-- Task to carry out --
Print every line below exactly. Skip the pictures.
___ Material provided ___
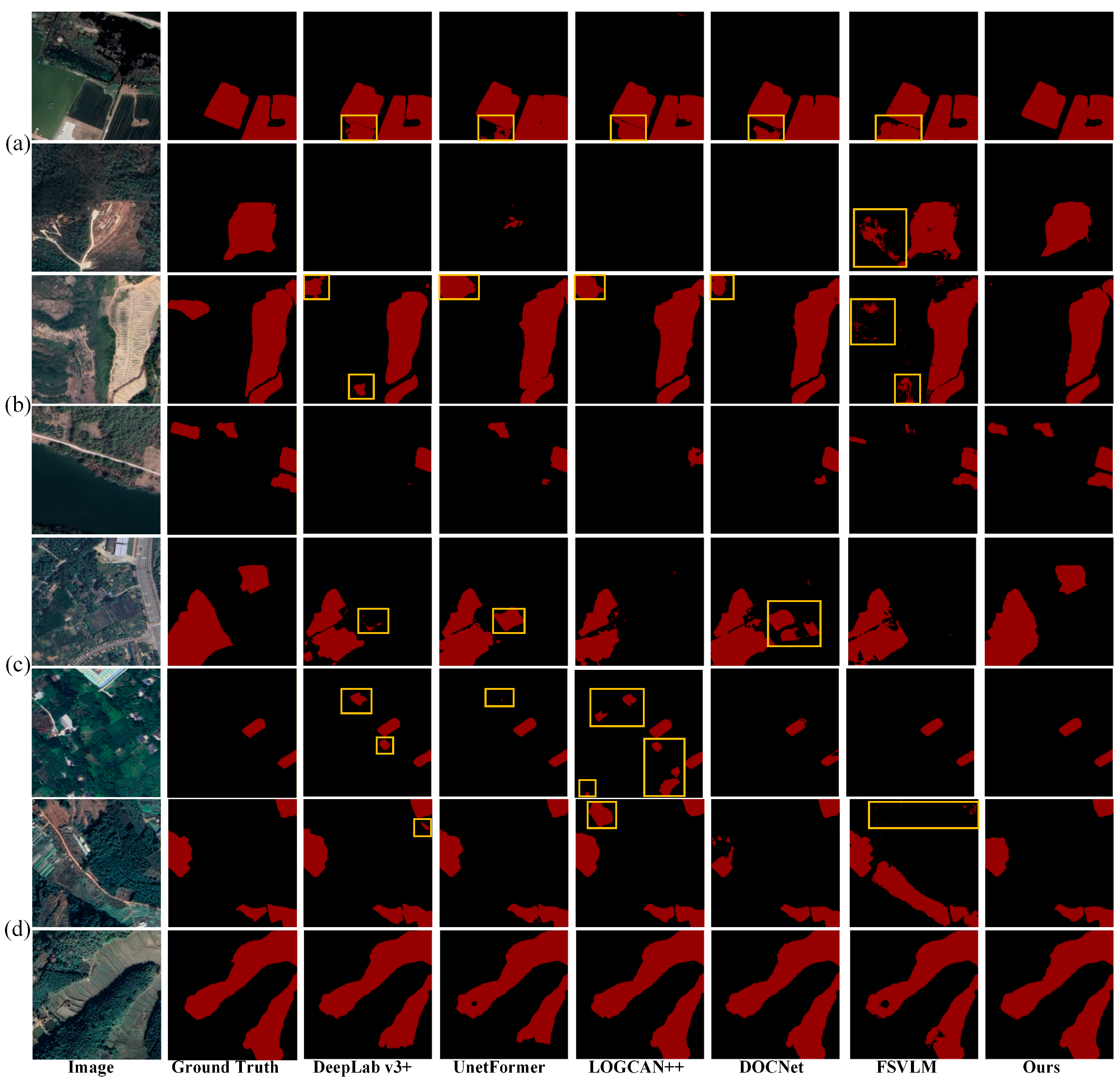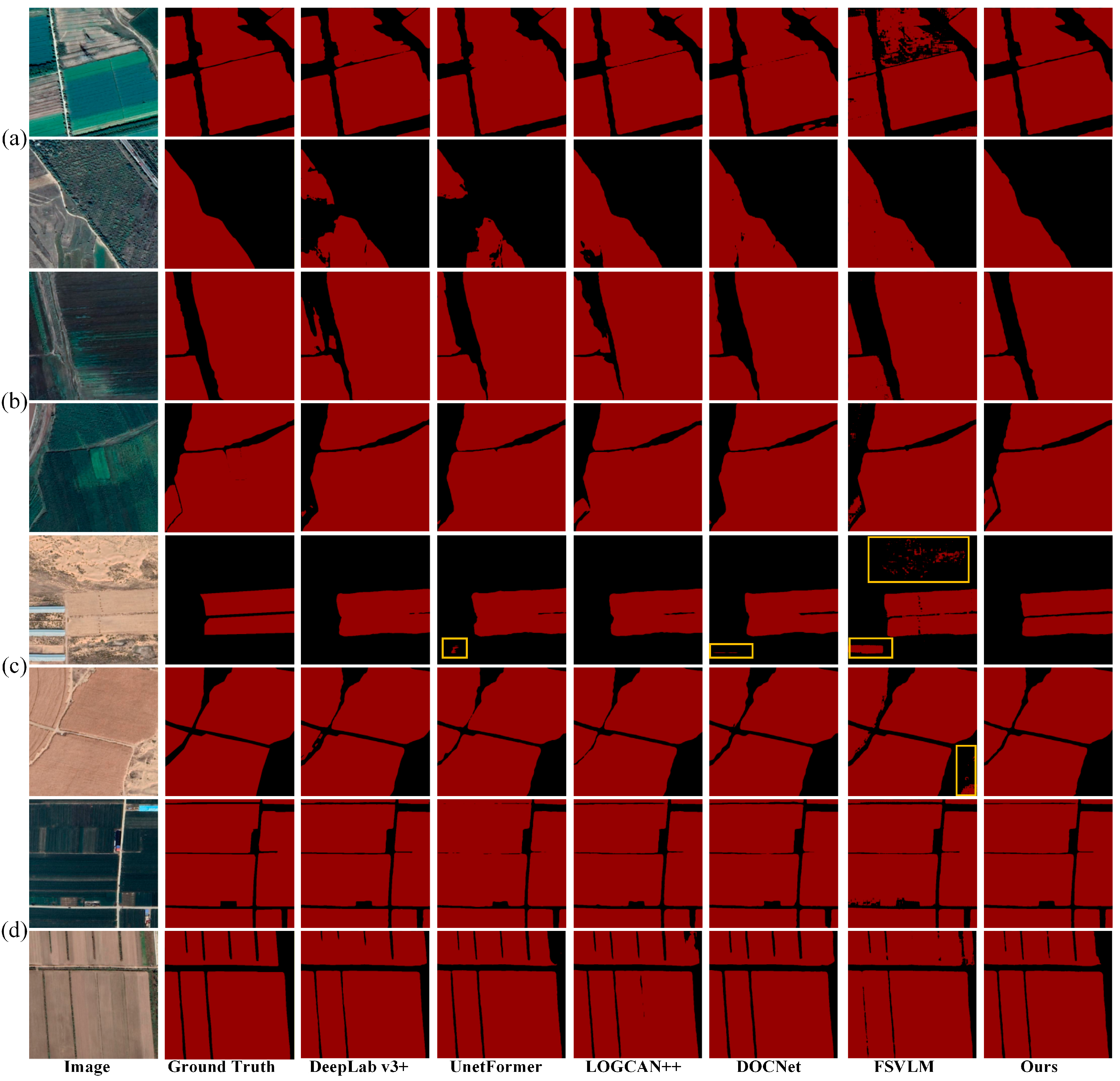 Figure 5). In the Northern Arid and Semi-arid Region samples (row a), our method achieves precise boundary delineation while maintaining clear separation between adjacent farmland parcels. In contrast, DeepLab-v3, UNetFormer, LOGCAN++, and DOCNet suffer from boundary adhesion where neighboring parcels are incorrectly merged, while FSVLM produces severe fragmentation artifacts. The Northeast China Plain samples (row b) demonstrate that our method not only accurately segments the boundaries of large-scale farmland parcels but also successfully extracts small farmland regions at the edges that other methods fail to detect. The Loess Plateau samples (row c) present particularly challenging scenarios where sparse vegetation and arid soil conditions cause farmland and non-farmland regions to exhibit similar visual characteristics. Other methods produce noticeable boundary adhesion or misalignment in areas with ambiguous land cover transitions, whereas our method successfully separates adjacent parcels with precise boundaries. The Huang-Huai-Hai Plain samples (row d) further confirm that our method achieves accurate boundary segmentation, while some competing methods incorrectly classify adjacent non-farmland areas as farmland. These qualitative observations corroborate the quantitative results, demonstrating that the proposed UGAA and FECF mechanisms effectively enhance both farmland recognition accuracy and boundary precision, particularly in preventing boundary adhesion between adjacent parcels and detecting small farmland regions across diverse geographical and agricultural conditions.
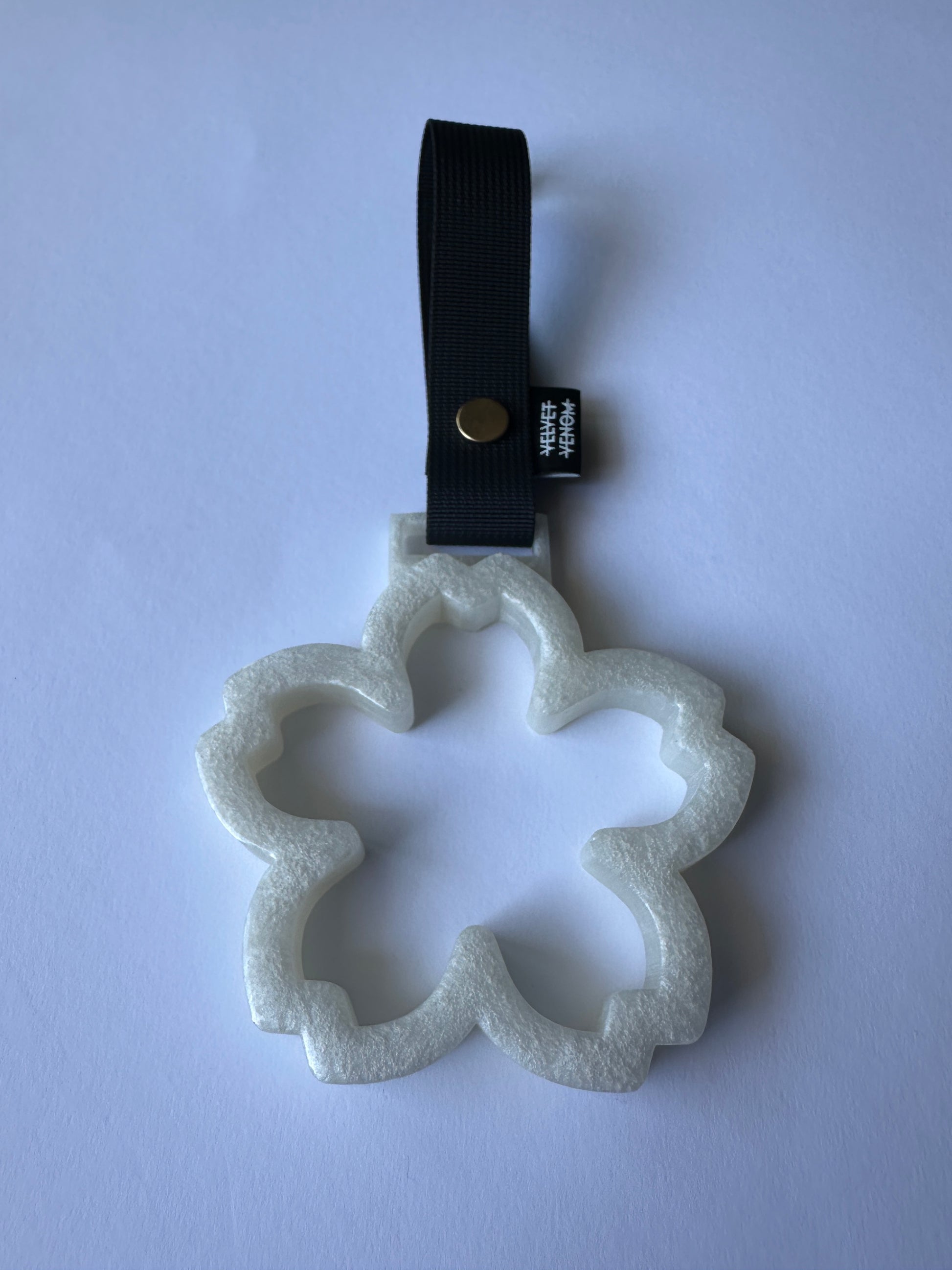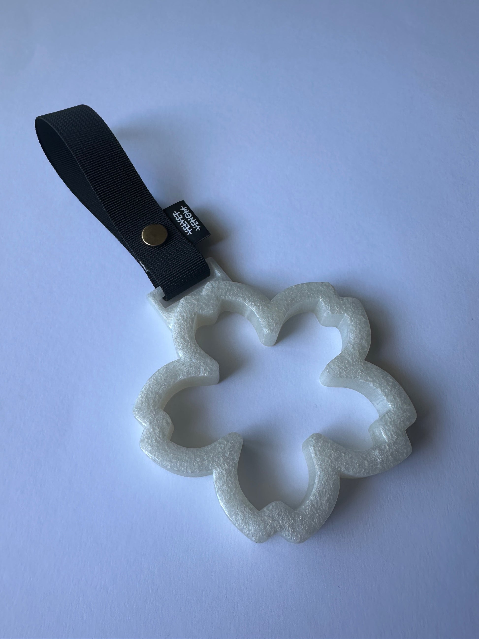 Sakura Tsurikawa in white. Comes with black strap and gold button.
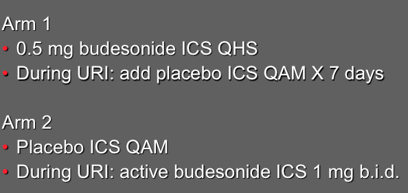 The 2011 Maintenance and Intermittent Inhaled Corticosteroids in Wheezing Toddlers (MIST) trial followed 213 children (aged 12-53 months) who were randomly assigned to 2 groups. Children in the first group were given an ICS (budesonideevery night for 1 year, while children in the second group were given a placebo every night for 1 year and an ICS only during flare-ups.1
___
-- Answer to this exercise --
 Figure 5). In the Northern Arid and Semi-arid Region samples (row a), our method achieves precise boundary delineation while maintaining clear separation between adjacent farmland parcels. In contrast, DeepLab-v3, UNetFormer, LOGCAN++, and DOCNet suffer from boundary adhesion where neighboring parcels are incorrectly merged, while FSVLM produces severe fragmentation artifacts. The Northeast China Plain samples (row b) demonstrate that our method not only accurately segments the boundaries of large-scale farmland parcels but also successfully extracts small farmland regions at the edges that other methods fail to detect. The Loess Plateau samples (row c) present particularly challenging scenarios where sparse vegetation and arid soil conditions cause farmland and non-farmland regions to exhibit similar visual characteristics. Other methods produce noticeable boundary adhesion or misalignment in areas with ambiguous land cover transitions, whereas our method successfully separates adjacent parcels with precise boundaries. The Huang-Huai-Hai Plain samples (row d) further confirm that our method achieves accurate boundary segmentation, while some competing methods incorrectly classify adjacent non-farmland areas as farmland. These qualitative observations corroborate the quantitative results, demonstrating that the proposed UGAA and FECF mechanisms effectively enhance both farmland recognition accuracy and boundary precision, particularly in preventing boundary adhesion between adjacent parcels and detecting small farmland regions across diverse geographical and agricultural conditions.
 Sakura Tsurikawa in white. Comes with black strap and gold button.
 The 2011 Maintenance and Intermittent Inhaled Corticosteroids in Wheezing Toddlers (MIST) trial followed 213 children (aged 12-53 months) who were randomly assigned to 2 groups. Children in the first group were given an ICS (budesonideevery night for 1 year, while children in the second group were given a placebo every night for 1 year and an ICS only during flare-ups.1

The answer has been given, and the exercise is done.